El colectivo había subido a la autopista Ricchieri con un ímpetu auspicioso pero enseguida se había detenido. El tránsito marchaba lento como si todos fueran caminando detrás de elefantes. El Mercado Central de Buenos Aires se veía por la ventanilla. El colectivo avanzaba a los empujones y el aire que entraba había dejado de ser fresco. Es más, ya no entraba aire. Pero en sus oídos los Beatles cantaban All my loving y en su escritorio había trescientas veinte hojas escritas a mano durante dos años que la hacían sentir orgullosa.
¿Se habría sentido así Jane Austen al terminar sus novelas? ¿Esa mezcla de felicidad y vanidad que la hinchaba a ella misma en ese momento? Estaba tan feliz que se olvidaba de todo. Incluso le hacía olvidar que, después de dos canciones, todavía seguía viendo el Mercado Central. O que tenía al lado a un caballero de dudosa higiene. Seguro que Jane Austen se había sentido así. Lo sabía, de hecho, porque había leído sus cartas y las biografías que había podido encontrar. La adoraba tanto como adoraba escribir. Soñaba con tener la misma elegancia que ella para las palabras. Ser una hechicera de palabras como Jane Austen.
Pero ella era solo ella: Laura Robles de Isidro Casanova, que viajaba —y sufría— en el 96 semirápido ramal Constitución-Rafael Castillo. Nadie lo sabía, pero ella escribía y se moría de felicidad por la novela que había terminado. Además, era también Laura Robles, profesora de Historia de la Universidad de Buenos Aires, docente de la Facultad de Filosofía y Letras que viajaba colgada de un colectivo mientras escuchaba canciones de los Beatles y de vez en cuando las cantaba en voz alta. No había mucho más que contar.
Cinco minutos pasaron. Por suerte, ya no veía el Mercado Central. En cambio, se escuchaban los bocinazos de autos, camiones, colectivos y motos atascados en el peaje. “Ah, respeten mi felicidad, malditos”, pensaba y se reía. Ni sus adorados Beatles podían tapar el espantoso ruido de las bocinas. Pero las bocinas eran incapaces de tapar su felicidad.
Cerró los ojos porque el sopor de la mañana y el cansancio fueron más fuertes que su voluntad de permanecer despierta. Cuando los abrió el colectivo ya estaba preparándose para bajar de la autopista en la avenida Entre Ríos. Se dio cuenta de que se había dormido y enseguida tuvo que revisar si tenía el celular y las cosas en el bolso. Por suerte, ningún caballero —o dama— dedicado al latrocinio se había apropiado de sus bienes personales. Se rió de sí misma y se felicitó. Había conseguido una nueva habilidad: quedarse dormida colgada del pasamano.
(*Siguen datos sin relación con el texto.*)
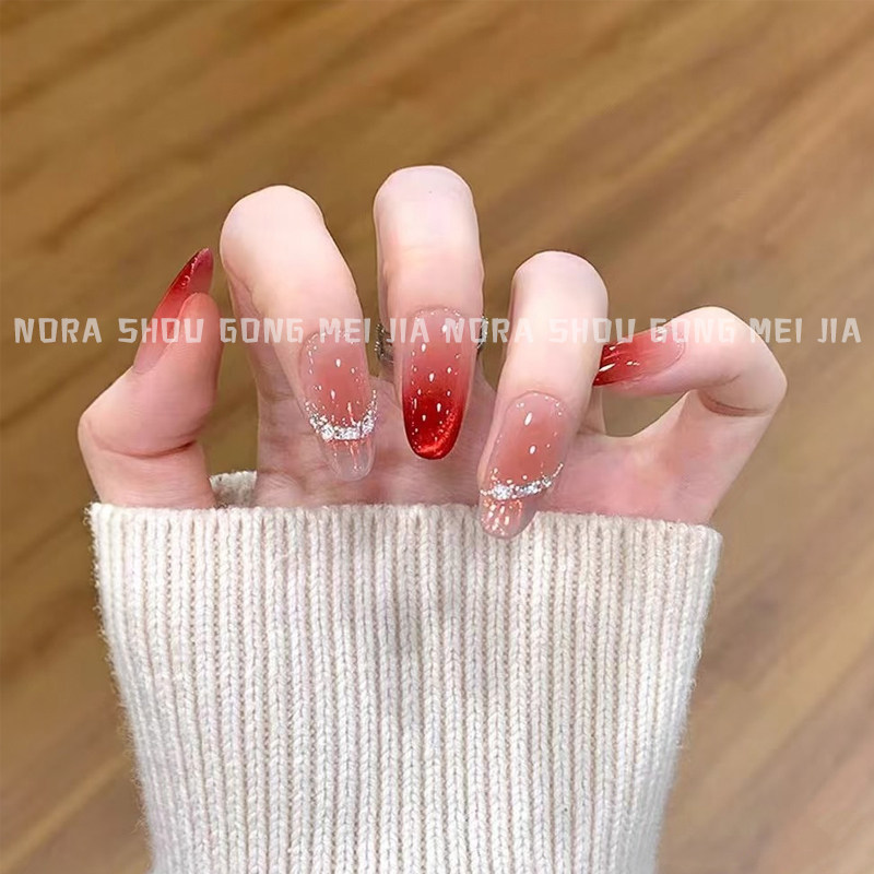 📚 巨显白红宝石猫眼穿戴美甲2026新年战甲纯手工定制持久中长指甲贴

Bajó del colectivo sonriendo tanto que el resto de los pasajeros la miraban y sonreían con ella. Se avergonzó un poco, pero después pensó que por ahí era un servicio a la comunidad tener una sonrisa contagiosa como la suya ese día. Quiso contarles a todos, a los gritos, que había terminado una novela y que era feliz, pero se contuvo porque por ahí podían tratarla de loca. Bajó las escaleras tratando de ocultar su sonrisa. Pero no pudo dejar de sonreír. El descenso a las profundidades de Buenos Aires le dio una sorpresa.
Primero, vio las estrellitas pintadas en los escalones que iban hacia el andén.
Bajó despacio por la escalera y vio más y más estrellitas.
Trató de hacer equilibrio cada vez que bajaba un escalón. Trataba, además, de dejar que la gente, que ignoraba por completo las estrellitas, pudiera pasar. Las estrellitas estaban organizadas en un patrón, como si fuera una estela que se iba agrandando a medida que ella bajaba por la escalera. Las estrellas se hacían cada vez más grandes, cada vez con más detalle hasta que, por fin, lo vio: un zapatito de cristal en el último escalón.
Desde el final de la escalera, Laura miraba hacia arriba para entender de qué se trataba eso. Alguien se había tomado el trabajo de hacer una gigantografía del mismo color ladrillo gastado que las cerámicas de la escalera y la había pegado contra los escalones. Las estrellitas y el zapatito de cristal eran la ilustración de la gigantografía. Había que estar muy atento o mirar muy fijo el piso para notar que había alguna diferencia entre la zona de cerámicas desnudas y el vinilo estampado.
Escuchó que se le iba un tren pero no corrió para alcanzarlo. La gente pasaba a su lado, algunos apurados ni la notaban, otros la veían y le seguían la mirada hacia arriba, pero no se detenían a ver qué era lo que le llamaba la atención.
Laura miró las paredes de la escalera y la que estaba a su espalda. Buscaba, por supuesto, algún indicio de publicidad. Sospechaba que si alguien se tomaba el trabajo de hacer semejante instalación sería para vender algo. No encontró nada. No se desilusionó, al contrario, le gustó más todavía que no hubiera publicidad alguna. Le gustó pensar que algún romántico había intervenido la escalera del andén hacia Virreyes de la estación Entre Ríos para que alguien, otro romántico —ella, por ejemplo—, la descubriera y la hiciera famosa. Sacó el celular, le sacó varias fotos a la escalera, a las estrellitas, una en particular al zapatito. Algún día iba a hacer algo con esas estrellitas y ese zapatito: un cuento, quizá una novela. Por el momento, se contentó con apoyar su pie en el zapatito de cristal para ver si era su número. Era.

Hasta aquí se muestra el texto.